Throughout the history of prevention, many companies have based their HSE policies on a logic of control and punishment. The objective was clear: define rules, verify that they are followed, and penalize those who break them. This model made it possible to structure processes, correct obvious risky behaviors, and reinforce the idea that safety is not optional. However, it quickly reveals its limitations when it comes to establishing a deep, lasting, and ingrained culture of prevention. For safety, and more broadly, HSE issues, to become everyone's responsibility, it is often necessary to move towards a culture more based on trust and accountability.
A culture focused on control and punishment produces certain predictable effects. Employees learn to comply with rules when observed, but may adopt other behaviors when not in sight. They hesitate to report incidents or near misses for fear of being blamed. Managers spend a lot of time "finding faults" instead of trying to understand why certain rules are not being followed. Prevention then becomes a game of hide-and-seek, where everyone tries to protect themselves rather than contribute to collective improvement.
Conversely, a culture based on trust and responsibility rests on the idea that most people are inherently committed to doing things right. It posits that if safety lapses occur, it is often because the system does not allow them to work effectively: instructions ill-suited to reality, lack of time, inappropriate tools, or conflicting objectives. In this approach, the company prioritizes understanding the reasons for these lapses, adapting its organization, and facilitating safe behavior. It continues to establish clear rules and penalize deliberately dangerous acts, but it distinguishes between willful negligence and errors made under pressure.
Moving from one model to another cannot be decreed. It first requires work on management's discourse and practices. When leaders claim they want a culture of trust but continue to demand results at all costs, reacting only when accident figures rise, and never acknowledging prevention efforts, the message remains ambiguous. Transformation begins with consistent decisions: agreeing to suspend production to correct a dangerous situation, supporting a manager who has halted a project, publicly recognizing an employee who has refused a risky task.
The role of frontline managers is once again central.
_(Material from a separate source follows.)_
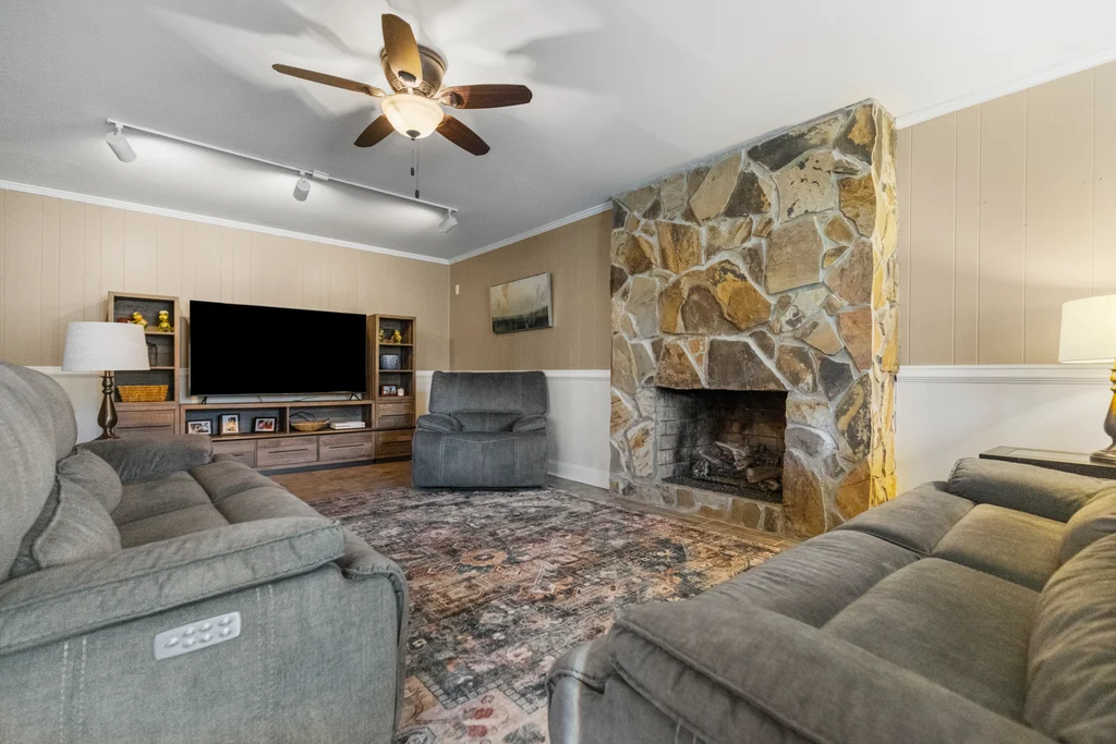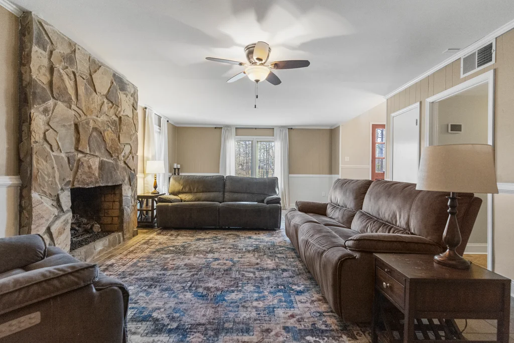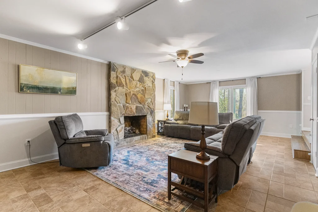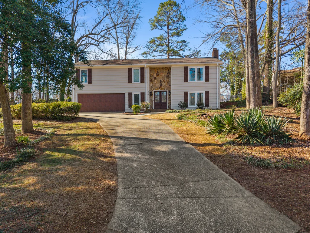 408 Camelot Dr is a beautifully appointed home tucked into the heart of the Holly Tree Plantation golf community, perfectly positioned along the14th green. From the moment you arrive, the craftsman-style glass double door entry sets a welcoming tone. Step inside this split foyer home and into a soaring two-story foyer where rich hardwood floors and updated lighting immediately elevate the space. At the heart of the home, the kitchen shines with granite countertops, tile backsplash, stainless steel appliances, and a gas stove—perfect for home chefs and casual gatherings alike. The kitchen flows seamlessly into a wide open living room, where one of two impressive stone hearth fireplaces creates a warm focal point, complete with remote-start gas logs for effortless ambiance. Let’s head down the hall where comfort takes center stage. Here you will find 3 spacious bedrooms, including the primary bedroom with it's own en suite full bathroom, that feature ceiling fans and newer carpet, creating cozy, restful retreats. The entry level offers a second living space, a second stone hearth fireplace, tile floors and a room that serves beautifully as a home office or guest bedroom, complete with its own private full bath. An ideal setup for multigenerational living or work-from-home needs. A spacious walk-in laundry room and access to the attached two-car garage with an additional storage room add everyday convenience. Out back, the iron rod fencing keeps the space open and elegant while still providing security along with picturesque golf course views. A 15x20 paver patio invites outdoor dining, morning coffee, or evening relaxation overlooking the fairway. A new water heater installed in2026, new upstairs HVAC installed 2025 add to a long list of thoughtful upgrades, 408 Camelot Drive offers refined living in one of the area’s most established golf communities—ready to welcome its next chapter. Residents enjoy the option to join the Holly Tree Country Club, where amenities include a pool, tennis courts, clubhouse, and championship golf—bringing resort-style living right to your doorstep. Additionally this home is close to medical facilities, the interstate and the popular Bridgeway Station complex. Schedule your private tour today.

They are the ones who embody, on a daily basis, the type of culture the company wants to develop. A manager who systematically reacts with blame or threats when an incident occurs fuels fear. A manager who, on the contrary, seeks to understand, listens, and involves their team in finding solutions, lays the foundation for shared responsibility. This does not mean they should accept everything, nor abandon setting boundaries: they remain the guarantor of the framework, but they exercise this responsibility in an educational rather than punitive manner.
In a culture of trust, the company establishes simple channels for reporting dangerous situations, near misses, and ideas for improvement. It guarantees that these reports will not be used against individuals, but rather as raw material for continuous improvement. It provides feedback on the actions taken: nothing is more demotivating than a system where an "idea box" is filled with suggestions that go unheeded. Over time, this dynamic can create a shared vigilance reflex.
A culture focused on punishment often emphasizes accident statistics, accident-free hours, and "compliant" audits. A culture of responsibility is more interested in indicators of preventive activity: the number of safety inspections conducted, the number of hazardous situations reported, corrective actions implemented, and participation in feedback workshops. These indicators value effort, not just results, and allow for anticipation rather than reactive behavior.
A culture of trust is not a culture of permissiveness. It does not preclude sanctions, but these are used in a targeted, proportionate, and reasoned manner, only in cases where dangerous behavior is clearly intentional and repeated, despite explanations and warnings. This distinction between an honest mistake and serious misconduct must be explained and shared to avoid misunderstandings. In some cases, involving employee representatives in discussions about situations where sanctions are legitimate can help build a more shared framework.

The transition from one culture to another takes time. It can be disorienting, especially for managers accustomed to a highly directive management style. It requires support: training in constructive feedback, development of interpersonal skills, and spaces for discussing the difficulties encountered. But it is also an opportunity to give new meaning to prevention, to move it beyond a purely disciplinary framework and integrate it into a broader project: that of a work collective where everyone feels responsible for the safety of all.
Ultimately, a culture of trust and responsibility in HSE is not only more humane, but also more effective. It allows for earlier detection of early warning signs, faster correction of problems, and greater leveraging of team intelligence. It transforms prevention from a set of external constraints into a natural way of working together.